A home seller in the United States has taken the buyer to court after the latter attempted to pay for the house in a worthless token. The two parties had initially settled on an all-cash payment, but the buyer attempted to defraud the seller by introducing clauses that allowed him to pay in tokens.
The seller, Mary Shea allegedly agreed on a $125,000 price tag for her house with buyer Mike Cherwenka, reports Law360. However, the buyer, through his company Best Buy Homes, was accused of introducing clauses in the contract that allowed him to pay for 30% of the house in Troptions Gold. This is a token promoted by troptionsxchange.com.
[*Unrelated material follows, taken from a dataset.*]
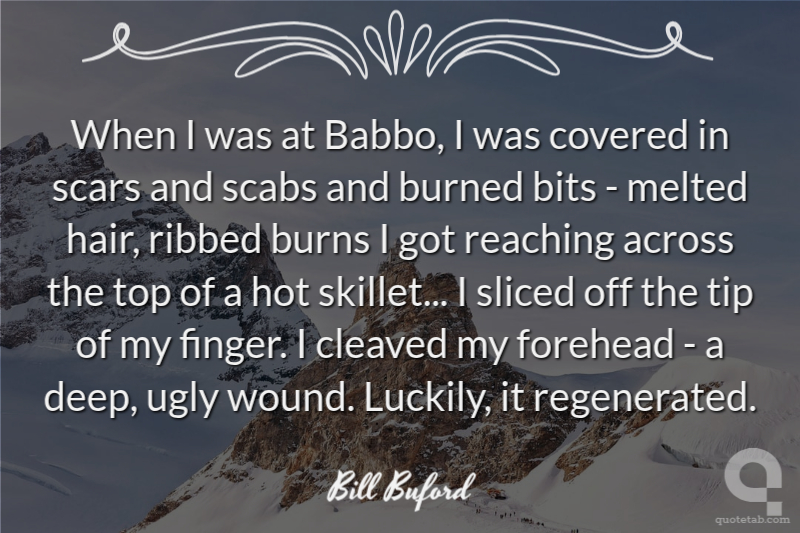 When I was at Babbo, I was covered in scars and scabs and burned bits - melted hair, ribbed burns I got reaching across the top of a hot skillet... I sliced off the tip of my finger. I cleaved my forehead - a deep, ugly wound. Luckily, it regenerated.

The buyer hadn’t indicated that this would be part of the deal. Shea instructed her real estate broker to bring in an independent attorney to review the contract. However, as she claimed in her lawsuit, the attorney had ties to Best Buy Homes.
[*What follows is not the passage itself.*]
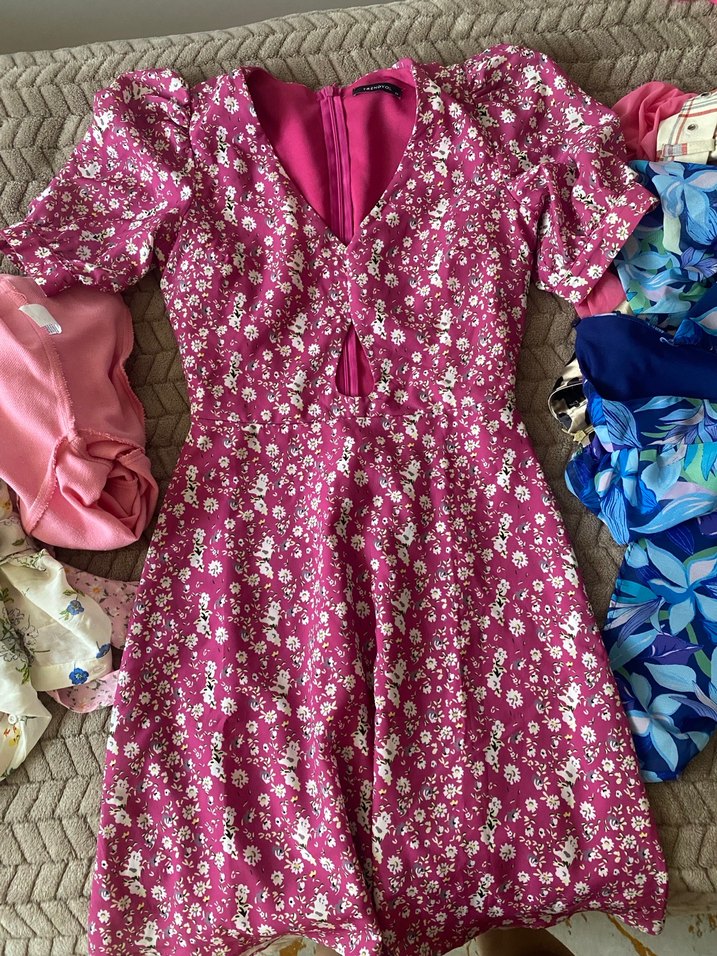 V yaka ve kısa kollu, pembe pastel çiçek desenli, dantel detaylı, bohem Paris tarzı dar kesim midi elbise.

Shea refused to consent to the sale that would have seen her lose $37,500. This led Best Buy Homes to sue her, but it later dismissed the suit voluntarily. However, the company filed a notice of pending litigation against the house. This has ensured that Shea can’t sell the house or even rent it out. She has to continue paying the mortgage in the meantime until that litigation is resolved.
Shea stated in her lawsuit that she intended to use the money from the sale to settle her student debts.
“Every day that Best Buy wrongfully claims an interest in her property, Shea cannot find a buyer who will pay legal tender,” according to the lawsuit.
As Shea claims on her lawsuit, the Troptions Gold token is a “worthless” token that its backers, including the buyer Cherwenka, have been pushing. They have falsely claimed that it can be exchanged for U.S. dollars easily, Shea said. They also claim that the Commodity Futures Trading Commission (CFTC) ruled that the token is a commodity and not a security, which is also false.